Conclusion - X-Fi opamps stage design does produce the -200mV DC offset. That probably can be cured by just increasing the positive opamps supply voltage from 5V to 5.2 or 5.4V ...


*Ketxxx* - 





> Cant agree on that.



Not to worry, me neither. Polymer caps is great for high-frequency voltage filtering (just check their frequency response curves, for christ sake!) while using them for anything getting close to audio is UNFORGIVABLE mistake that completely erase any filtering in low-frequency, hence the strong bass line kill the quality effectively.
You can't measure that on the RMAA, to show this problem you need the DAC/opamps output a loud bass line and then the polymers crumble and kill the voltage filtering = the card output get much less that satisfactory.

Just because todays there are some kind of "hype" about polymers does not mean that they are usefull for everything. They have a very strict usability around 200 - 500kHz, and that it is.
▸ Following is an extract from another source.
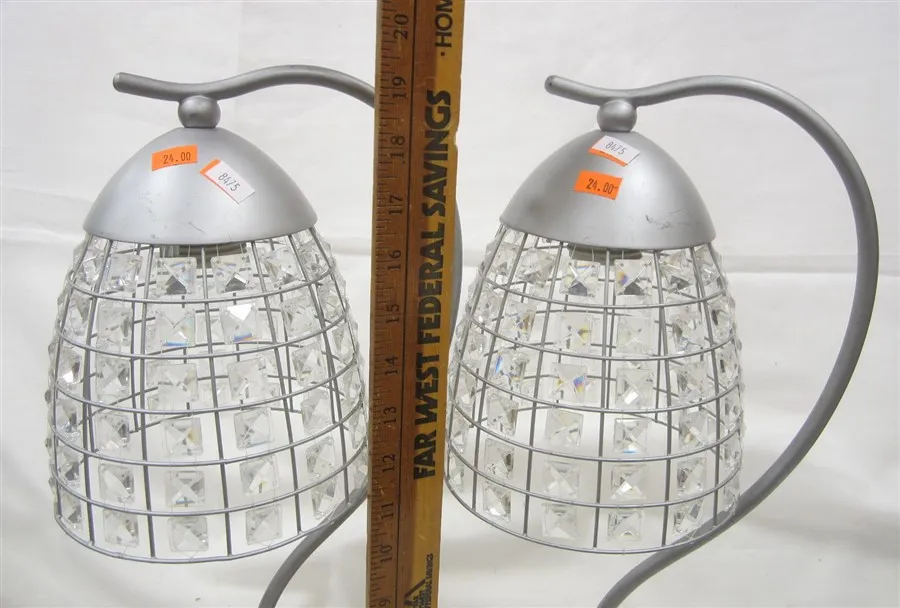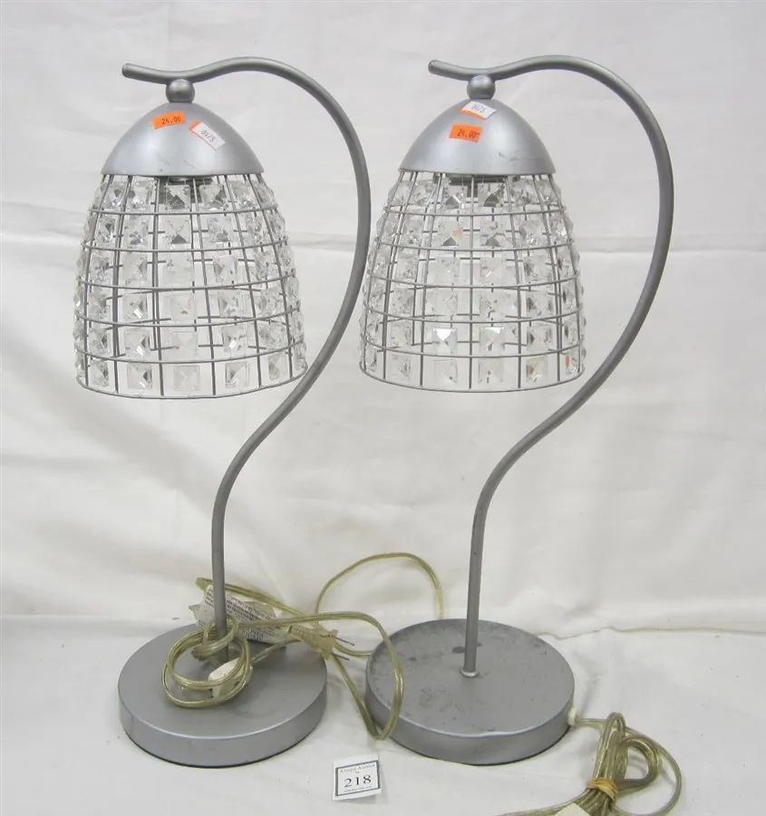 PAIR OF CONTEMPORARY TABLE LAMPS WITH CRYSTAL STYLE SHADES.  ONE LAMP HAS DENT AND STAIN ON BASE

The key to understand this problem is thing called ripple rating coeficient. It basicaly says what multiplier has to be applied on the rated ripple for different frequencies. Nothing show this better that this table:

Samxon X-con URL polymers: *120Hz = 0.05*; 1kHz = 0.30; 10kHz = 0.70; 100kHz = 1.00
Samxon elyctrolyte GA caps: *120Hz  = 0.50*; 1kHz = 0.80; 10kHz = 0.90; 100kHz = 1.00

The specs are very much the same as with all other polymers - even spoken - the better polymers, the worser they run at low audio frequency.
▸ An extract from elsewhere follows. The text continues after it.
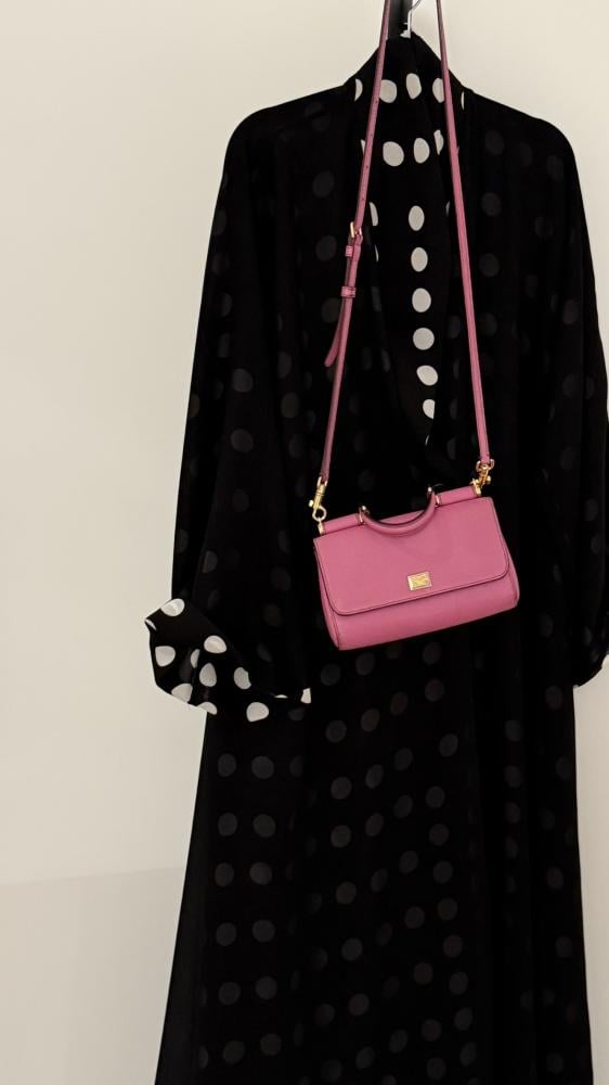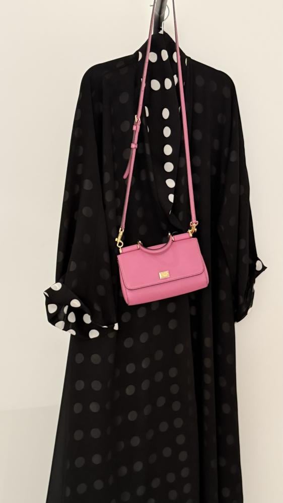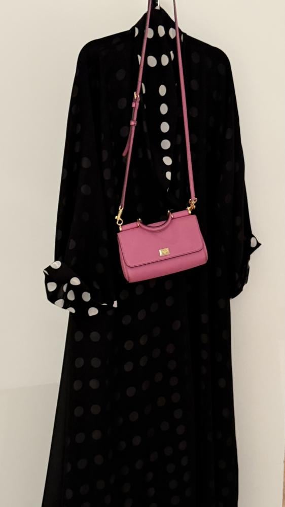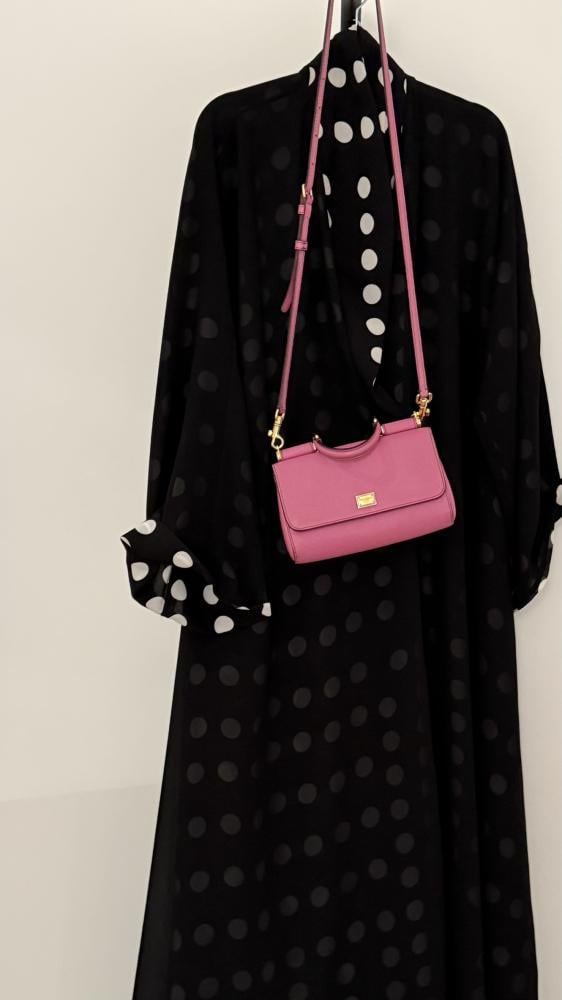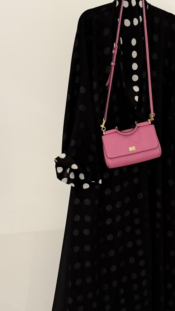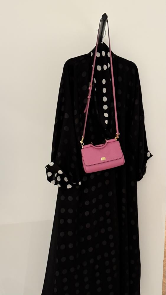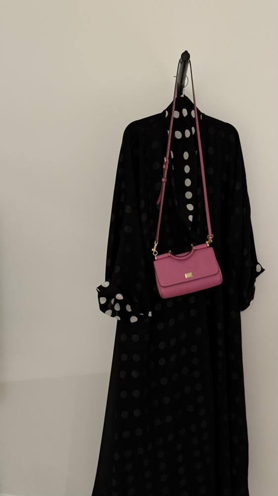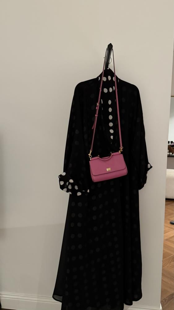 عباية شيفون اسود طبقتين منقط اسود وابيض

Hence polymers are, once again, an unforgivable fault and you can dance around this all the way you want, it is just an unforgivable serious mistake made for the marketing crap and stupid people around here...



> Doesn't matter what part is used...



Ehm, sorry? Then what are we talking about there, lol? 


*Mussels* - 





> not to mention all the auzen cards are socketed, so you can replace the opamps without soldering



True, but the best suited opamp (gotta take the input sensitivity into account too!) is made with the SOIC NARROW version only, so this in kinda useless then... sadly. Yet you still can exchange the opamps for something better and less general-use-like like the 5533 ones are.
They are steady performers, don't get me wrong, but they just aren't real audio grade opamps. And the LM4562 are too much picky and hi-frequency and sharpness like... So, not good.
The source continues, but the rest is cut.